For broker-dealers, recordkeeping is not just an operational requirement — it is a core component of regulatory risk management. The SEC’s Rules 17a-3 and 17a-4 define how firms must create, store, preserve, and retrieve records across their entire securities business.
Getting these requirements right directly impacts audit outcomes, FINRA CAT reporting integrity, CAIS accuracy, dispute resolution, and overall compliance credibility.
Firms that excel here treat 17a-4 as a complete system — governance, process, and technology working together — not a simple storage repository.
SEC Rules 17a-3 & 17a-4: The Recordkeeping Foundation
Rule 17a-3 — What You Must Create
Broker-dealers must create comprehensive records such as:
Trade blotters, order tickets, confirmations
Customer account records (critical for CAIS accuracy)
Communications
Financial and operational records
Supervisory procedures
CAT-reportable order events (tightly tied to FINRA CAT compliance)
These records reflect the firm’s business activities and supervisory processes.
Rule 17a-4 — How You Must Preserve Them
This rule governs:
Retention timelines
Formats
Storage controls
Retrieval expectations
Supervisory oversight
Together, 17a-3 and 17a-4 form a lifecycle:
Create → Preserve → Retrieve → Supervise → Produce
WORM Storage: The Heart of 17a-4 Compliance
Rule 17a-4 requires that electronic records be stored in a non-rewriteable, non-erasable (WORM) format.
The SEC doesn’t mandate a specific technology — only the outcome:
✔ Records cannot be altered
✔ Records remain locked for the entire retention period
✔ System must provide audit trails and supervisory visibility
This requirement becomes even more important when firms manage multi-system data flows across OMS, EMS, CRM, FINRA CAT, and CAIS.
Supervisory Controls: Visibility, Auditability & Accountability
Record retention without supervision is a regulatory gap.
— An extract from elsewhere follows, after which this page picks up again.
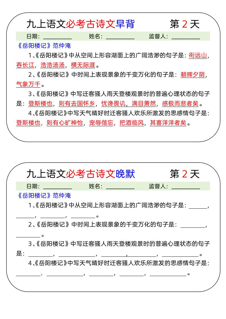 首页 > 全部 > 语文 > 九上语文必考古诗文早背晚默17天

Your supervisory system must:
Provide clear visibility into what is stored
Maintain audit-ready logs
Capture who made changes, when, and how
Ensure retention timelines are applied correctly
Confirm all records are preserved in WORM format
Typical risk pattern:
Compliance doesn’t see what tech stores, and tech lacks regulatory acumen.
This creates blind spots — a significant risk during SEC or FINRA examinations.
Legal Holds: Extending Retention Beyond Regulatory Timelines
Standard retention periods are only the baseline.
During litigation, investigations, subpoenas, or regulatory requests, firms must:
Stop automatic deletion
Apply targeted legal holds
Retain records until the matter concludes
Track who placed the hold and why
Failure to manage holds creates risks of spoliation, penalties, and loss of credibility.
Retrieval Standards: Fast, Searchable, and Organized
Meeting storage requirements is not enough.
Rule 17a-4 requires that records be:
Easily accessible
Searchable
Retrievable promptly during exams or internal reviews
This demands:
Consistent metadata
Standard naming conventions
Indexing and categorization
Robust search tools
If it takes hours to locate records, you fail the spirit of 17a-4 — even if the storage is compliant.
Common SEC 17a-4 Compliance Pitfalls
Here are the issues regulators see most often:
Legacy storage systems without modern oversight
Incorrect or inconsistent retention assignments
Missing or informal legal hold processes
No reconciliation between incidents, exceptions, and stored data
Fragmented platforms (CAT, CAIS, CRM, email, instant messaging) without unified oversight
Closing these gaps requires an integrated approach — not just a WORM bucket.